Wolf-Rayet stars may seem exotic compared to our Sun, but they may have played a role in star and planet formation. When a Wolf-Rayet star clears an area, the swept-up material can pile up at the outskirts and become dense enough for new stars to form. There is some evidence the Sun formed in such a scenario.
Each ring was created when the two stars came close together and their stellar winds (streams of gas they blow into space) met, compressing the gas and forming dust.
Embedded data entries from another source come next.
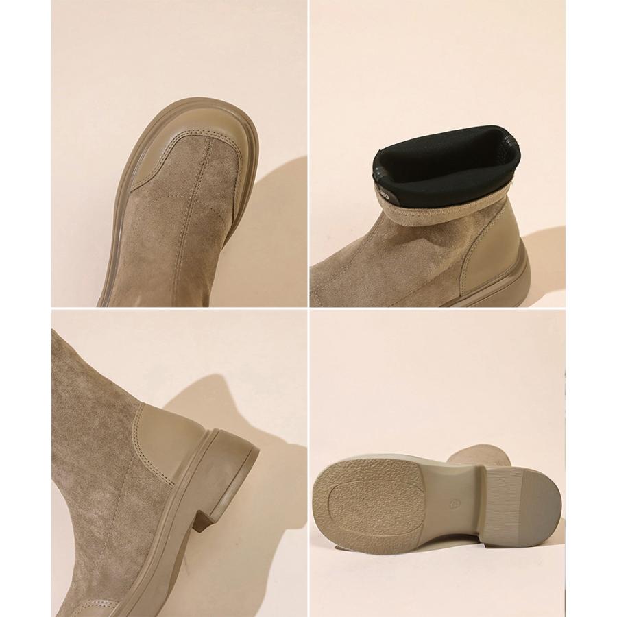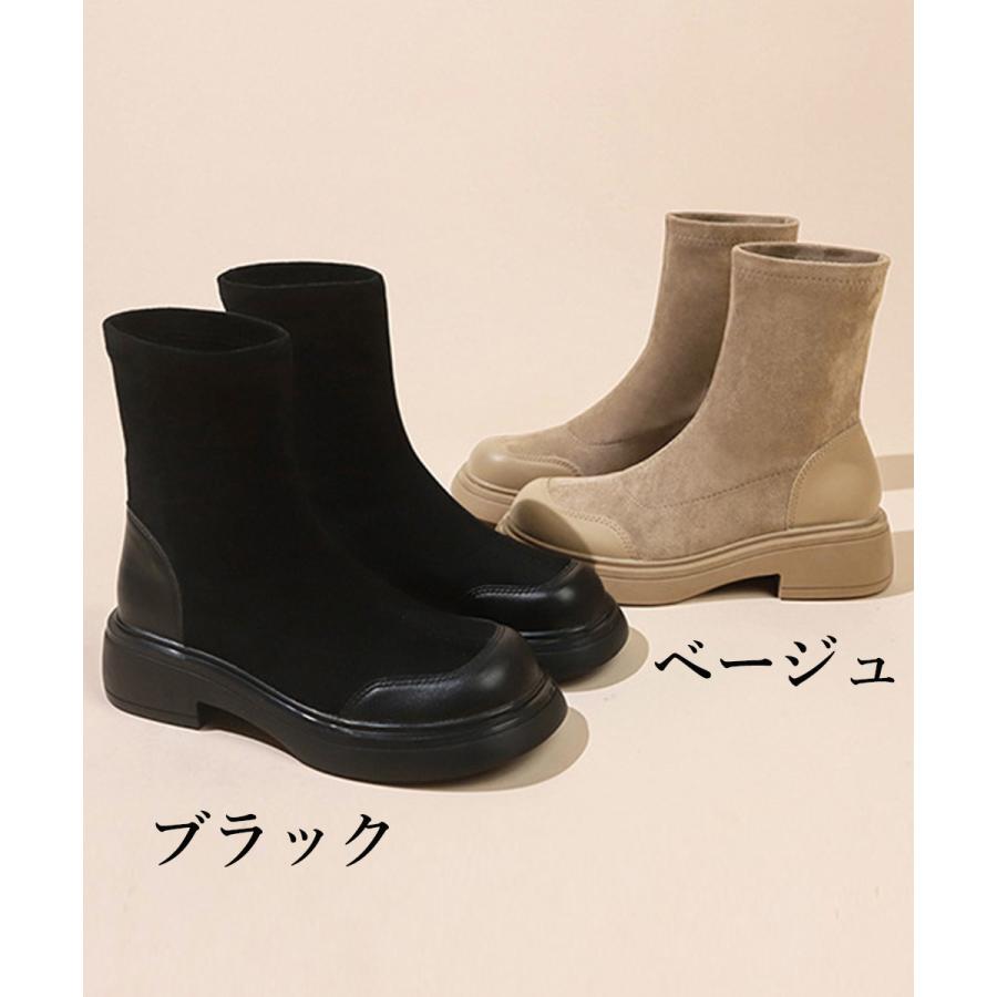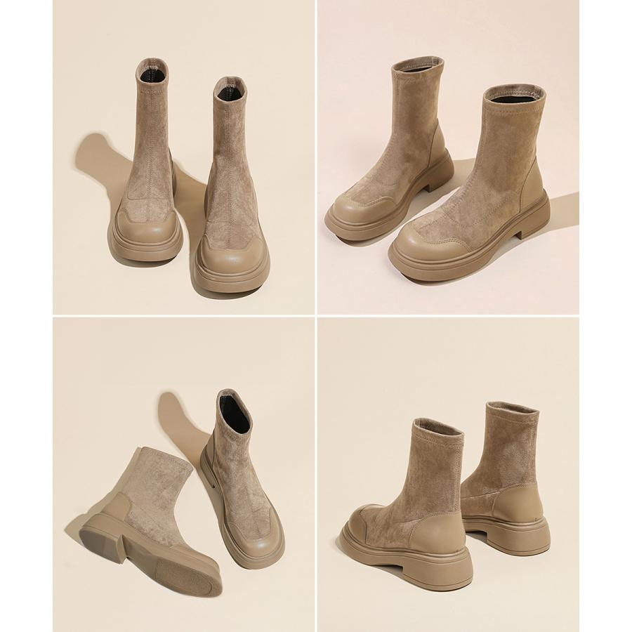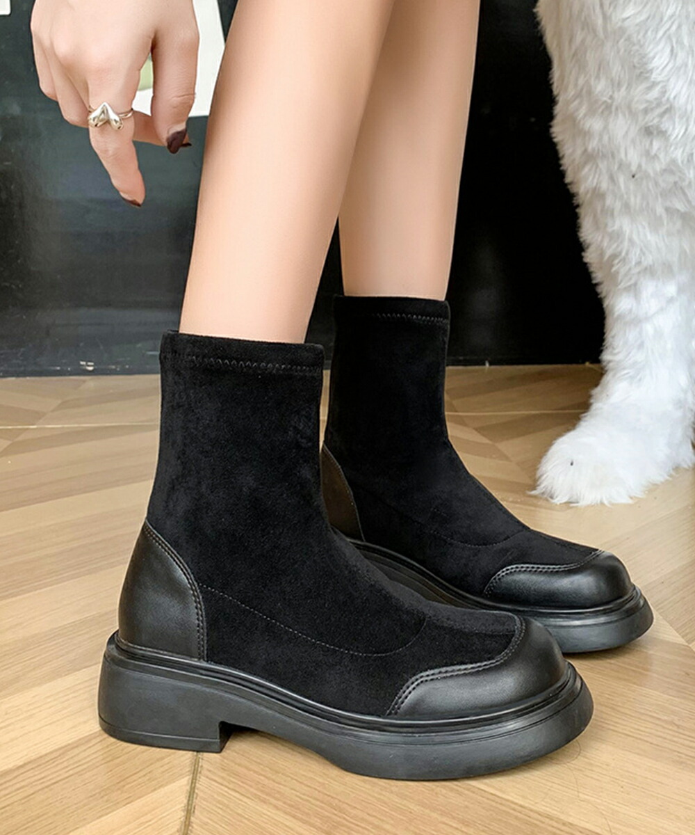 レトロ 厚底ブーツ ラウンドトゥ 美脚 ブーティ レディース 秋冬 ストレッチブーツ 韓国 歩きやすい 秋冬靴ローヒール
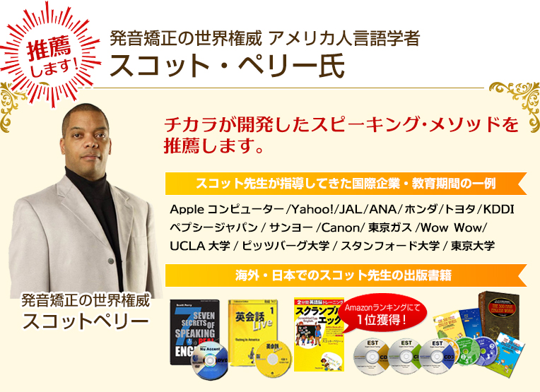 ネイティブスピーカーと長年一緒に過ごしたチカラは英語のスキルだけでなく、英語で自然にコミュニケーションをするのに必須である英語の文化的知識も備えています。英語を自由自在に操る彼ですので当然ながら言語を学ぶ秘訣をよく知っていますし、彼のマニュアルがあなたの英語上達の役に立つこと間違いありません。チカラは多くの人達の英語上達の役に立ちたいという願望がありそしてコミュニケーションの才能があるチカラは素晴らしい先生だと思います。
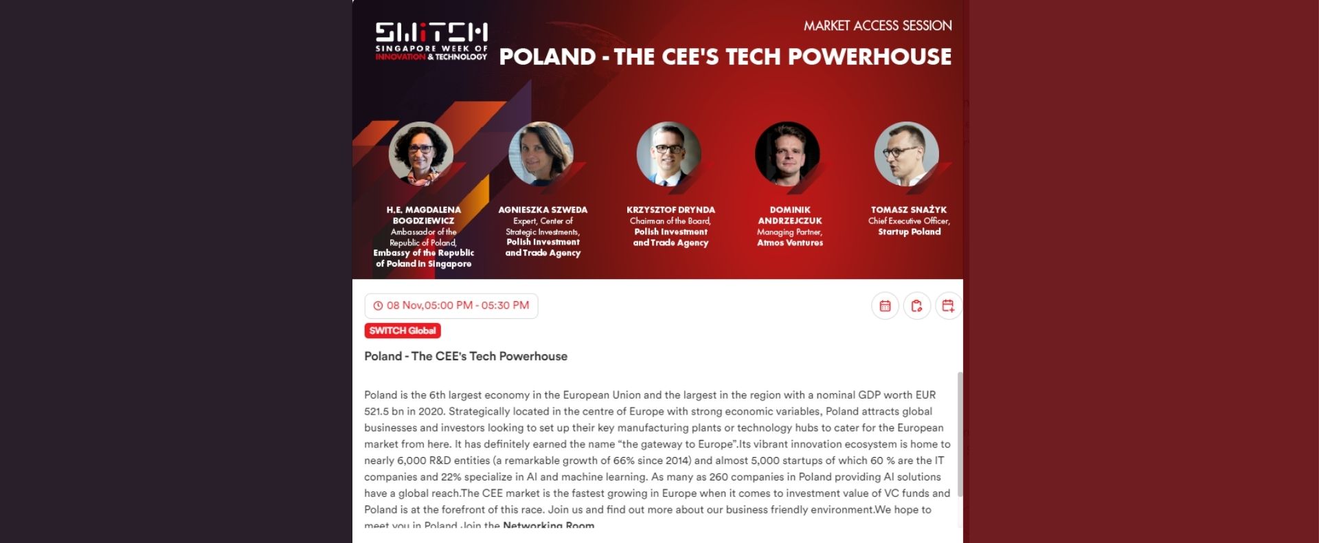 Polska była najliczniej reprezentowanym krajem Unii Europejskiej w wydarzeniu towarzyszącym konferencji SWITCH, łączącym klastry europejskie i singapurskie, zorganizowanym w ramach umowy o współpracy zawartej między Unią Europejską i Singapurem w 2020 r.
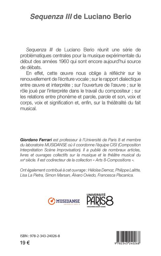 Sequenza III de Luciano Berio réunit une série de problématiques centrales pour la musique expérimentale du début des années 1960 qui sont encore aujourd'hui source de débats. En effet, cette oeuvre nous oblige à réfléchir sur le renouvellement de l'écriture vocale ; sur le rapport dialectique entre oeuvre en interprète ; sur l'ouverture de l'oeuvre ; sur le rôle joué par l'interprète dans le travail du compositeur ; sur les relations entre phonème et parole, parole et son, voix et corps, voix et signification et, enfin, sur la théâtralité du fait musical.
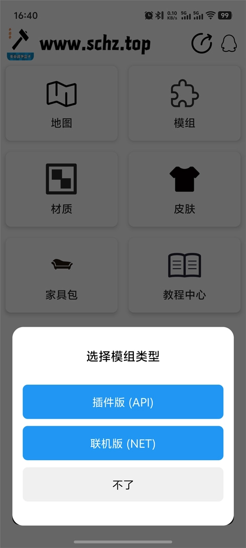 2、随后选择模组类型,该功能支持插件版(API)与联机版(NET)两种选项。
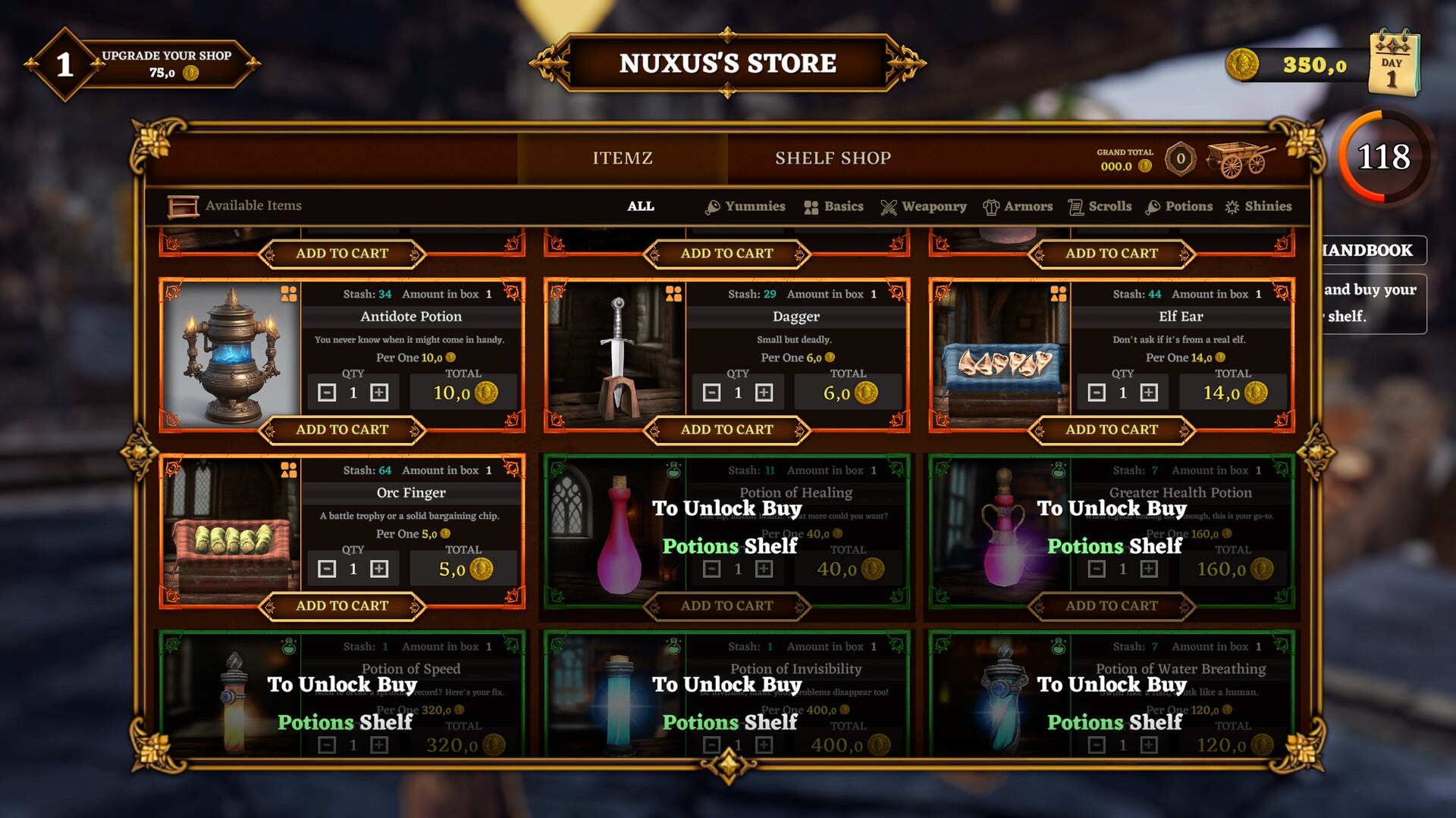 A chaotic 2–4 player competitive shop management game where gutsy pricing, clever shelf setups, and sneaky sabotage are your weapons in the market war.

The stars’ orbits bring them together about once every eight years; like the growth of rings of a tree’s trunk, the dust loops mark the passage of time.
“We’re looking at over a century of dust production from this system,” said Ryan Lau, an astronomer at NSF’s NOIRLab and lead author of a new study about the system, published today in the journal Nature Astronomy. “The image also illustrates just how sensitive this telescope is. Before, we were only able to see two dust rings, using ground-based telescopes. Now we see at least 17 of them.”
In addition to Webb’s overall sensitivity, its Mid-Infrared Instrument (MIRI) is uniquely qualified to study the dust rings – or what Lau and his colleagues call shells, because they are thicker and wider than they appear in the image.
In comparison with the Keck Observatory, Weber once again demonstrated its frightening observational power. Keck, which claims to be one of the most powerful telescopes on the surface of the Earth, captured only two innermost rings around WR 140, while Webb captured 17.